Assembly code scares people. There’s a good reason for that. For many people, writing code in assembly language seems equivalent to writing code in ancient dwarven runes, or calculating pi in roman numerals. The fact that Roller Coast Tycoon was almost completely written in assembly language sounds almost too amazing to be true. Many programmers view assembly language as some combination of ancient, arcane, inscrutable, useless, and complex.
Despite all that, I have a secret to share with you. Reading assembly language is not really that hard. Or at the very least, it’s an order of magnitude easier than writing assembly language.
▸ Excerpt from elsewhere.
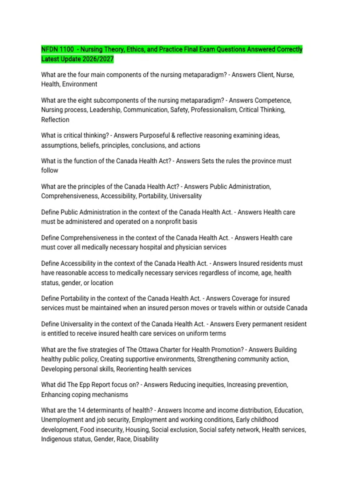 NFDN 1100 - Nursing Theory, Ethics, and Practice Final Exam Questions Answered Correctly Latest Update 2026/2027 What are the four main components of the nursing metaparadigm? - Answers Client, Nurse, Health, Environment What are the eight subcomponents of the nursing metaparadigm? - Answers Competence, Nursing process, Leadership, Communication, Safety, Professionalism, Critical Thinking, Reflection What is critical thinking? - Answers Purposeful & reflective reasoning examining ideas, assumptions, beliefs, principles, conclusions, and actions What is the function of the Canada Health Act? - Answers Sets the rules the province must follow What are the principles of the Canada Health Act? - Answers Public Administration, Comprehensiveness, Accessibility, Portability, Universality Define Public Administration in the context of the Canada Health Act. - Answers Health care must be administered and operated on a nonprofit basis Define Comprehensiveness in the context of the Canada Health Act. - Answers Health care must cover all medically necessary hospital and physician services Define Accessibility in the context of the Canada Health Act. - Answers Insured residents must have reasonable access to medically necessary services regardless of income, age, health status, gender, or location Define Portability in the context of the Canada Health Act. - Answers Coverage for insured services must be maintained when an insured person moves or travels within or outside Canada Define Universality in the context of the Canada Health Act. - Answers Every permanent resident is entitled to receive insured health care services on uniform terms What are the five strategies of The Ottawa Charter for Health Promotion? - Answers Building healthy public policy, Creating supportive environments, Strengthening community action, Developing personal skills, Reorienting health services What did The Epp Report focus on? - Answers Reducing inequities, Increasing prevention, Enhancing coping mechanisms What are the 14 determinants of health? - Answers Income and income distribution, Education, Unemployment and job security, Employment and working conditions, Early childhood development, Food insecurity, Housing, Social exclusion, Social safety network, Health services, Indigenous status, Gender, Race, Disability What are the three levels of health care? - Answers Primary, Secondary, Tertiary What is primary health care? - Answers First contact of a client with the health care system, including physicians and NPs What is secondary health care? - Answers Specialized care provided by a physician related to diagnosis What is tertiary health care? - Answers Specialized, technical care for diagnosis and treatment How is nursing defined? - Answers A profession committed to public service requiring specialized knowledge and high responsibility Who is known as the founder of professional nursing? - Answers Florence Nightingale Where was the first nursing school in Canada? - Answers St. Catherine's, 1874 Who was responsible for educational reform of nursing in Canada? - Answers Mary Agnes Snively What is nursing theory? - Answers A conceptualization of some aspect of nursing that describes, predicts, explains, and prescribes nursing care What are the four components of nursing theory? - Answers Phenomenon, Concepts, Operational definition, Assumptions What are the five different types of nursing theories? - Answers Practice-based, Needs, Interactionist, Simultaneity, Systems What does growth encompass? - Answers Physical changes across a person's lifespan What does development include? - Answers Biological, cognitive, and socio-emotional factors What is moral reasoning? - Answers How individuals view the rules of ethical or moral conduct What is moral development? - Answers The ability to distinguish between right and wrong What is theory? - Answers That which explains a phenomenon. What are the 4 components of nursing theory? - Answers Phenomenon, concepts, operational definition, assumptions. What is a phenomenon in nursing theory? - Answers An aspect of reality that can be consciously sensed or experienced. What are concepts in nursing theory? - Answers Something formed in the mind. What is an operational definition in nursing theory? - Answers Concepts applied to decision making in practice, linking concepts with theories. What are assumptions in nursing theory? - Answers Descriptions of concepts that are accepted as factual or 'taken for granted'. What are the 5 different types of nursing theories? - Answers Practice-based, needs, interactionist, simultaneity, systems. What characterizes practice-based nursing theories? - Answers Derived directly from the practice setting, reflecting issues shaping the role and context of nursing. What is the needs theory in nursing? - Answers The client is represented as a collection of

There are a few reasons why that’s true, but before we dive into that, let me first tell you why you should care about assembly language.
Why should I care?
For most people that write in languages that compile to native code, assembly language represents the fundamental building blocks for every program that we build and run1. If you’ve ever had to troubleshoot something where you absolutely, 100%, MUST understand what a line of code does… reading the assembly for the code is what you should do. Not reading the C++ source, Rust source, or even C source. And the reason for that is that source code in every language will lie to you. Not necessarily due to any fault in the programming language or compiler, but due to the limits of our own comprehension. Complex or unfamiliar language features, undefined behavior, or simply poorly written code can be difficult to understand to see what’s really going on. But the assembly code will always tell you the truth.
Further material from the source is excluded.